IMPORTANT: This project uses Bun, not npm/yarn/pnpm.

Prerequisites

  • Bun installed
  • (Optional) GitHub OAuth app for authentication

Installation

# Clone the repository
git clone https://github.com/BYTE-6D65/Dec.git
cd Dec

# Install dependencies
bun install

# Set up environment variables
cp .env.example .env
# Edit .env with your OAuth credentials (optional)

# Run database migrations
bun run db:migrate

# Start development server
bun run dev

The app will be available at http://localhost:3000.

Building for Production

bun run build
bun start

Environment Variables

See .env.example for required configuration:

  • AUTH_SECRET – Random 32-char string for session encryption
  • GITHUB_ID / GITHUB_SECRET – GitHub OAuth credentials
  • GOOGLE_CLIENT_ID / GOOGLE_CLIENT_SECRET – (Optional) Google OAuth
  • TWITCH_CLIENT_ID / TWITCH_CLIENT_SECRET – (Optional) Twitch OAuth

Usage

Public Access

  • Browse blog posts
  • Draft posts in Edit panel (saved to browser localStorage)
  • View media with direct URLs

Authenticated Access

  • Access terminal
  • Full UI features

Admin Access

  • Publish blog posts to production
  • Full site control

Project Structure

/src
  /apps          # Panel-specific logic (blog, media, edit, terminal)
  /components    # Shared UI components
  /db            # Database schema and queries
  /lib           # Auth utilities and helpers
  /routes        # SolidStart file-based routing
    /api         # API endpoints (auth, blog, media)
  /themes.css    # Theme color definitions

Philosophy

This project is an experiment in tiling-esque UI principles applied to the web.
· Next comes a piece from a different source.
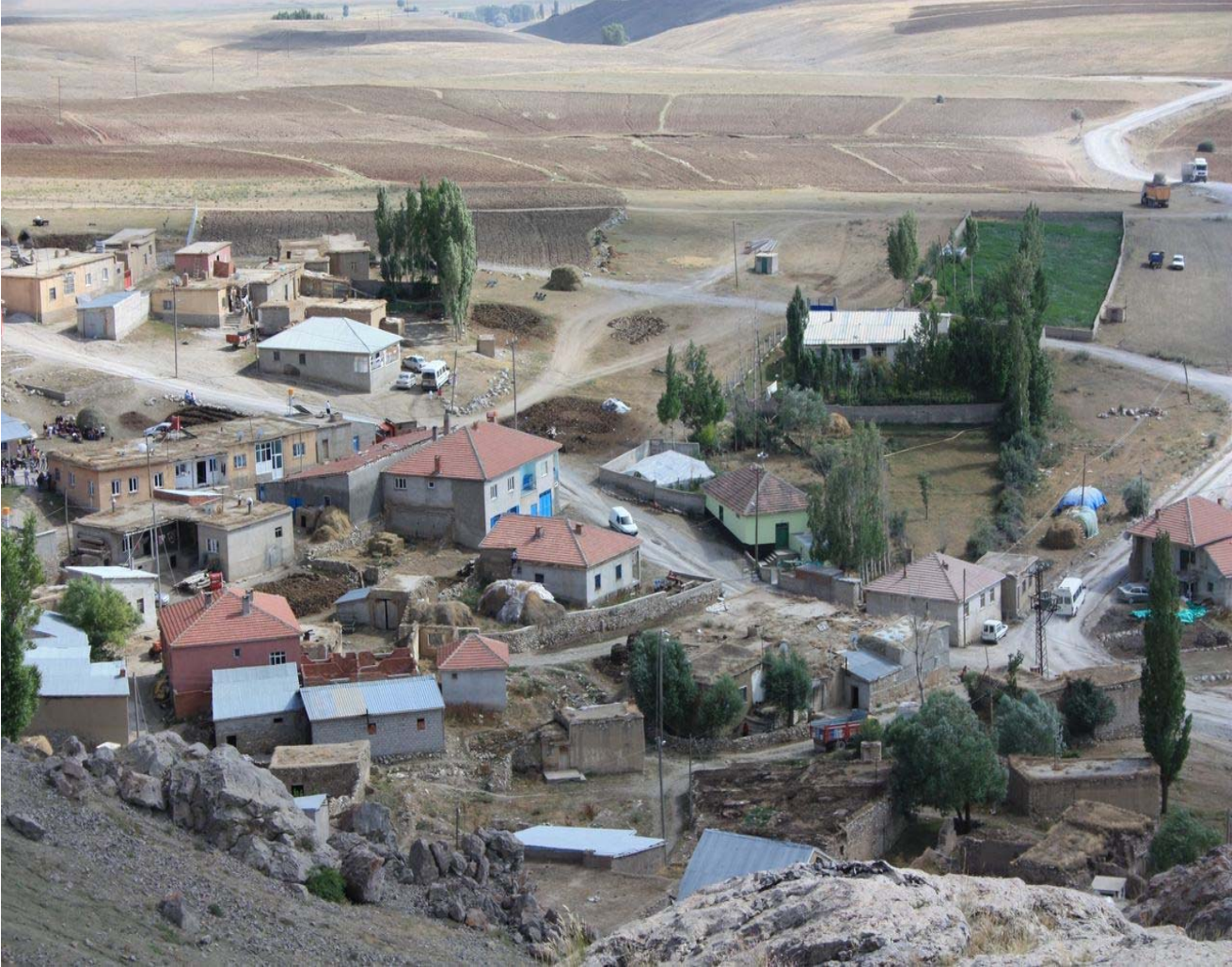
Resim 18 Köyün Orta Kesimde Kalan Yerleşiminden Görünüm

It asks:

  • What if web apps respected your context?
  • What if navigation was spatial, not hierarchical?
  • What if identity wasn't a form field, but a signal?
  • What if privacy was a default, not an upgrade?

DECK is the filesystem. Dec is the interface. Both are attempts to answer:

What does computing look like when the system works for you, not on you?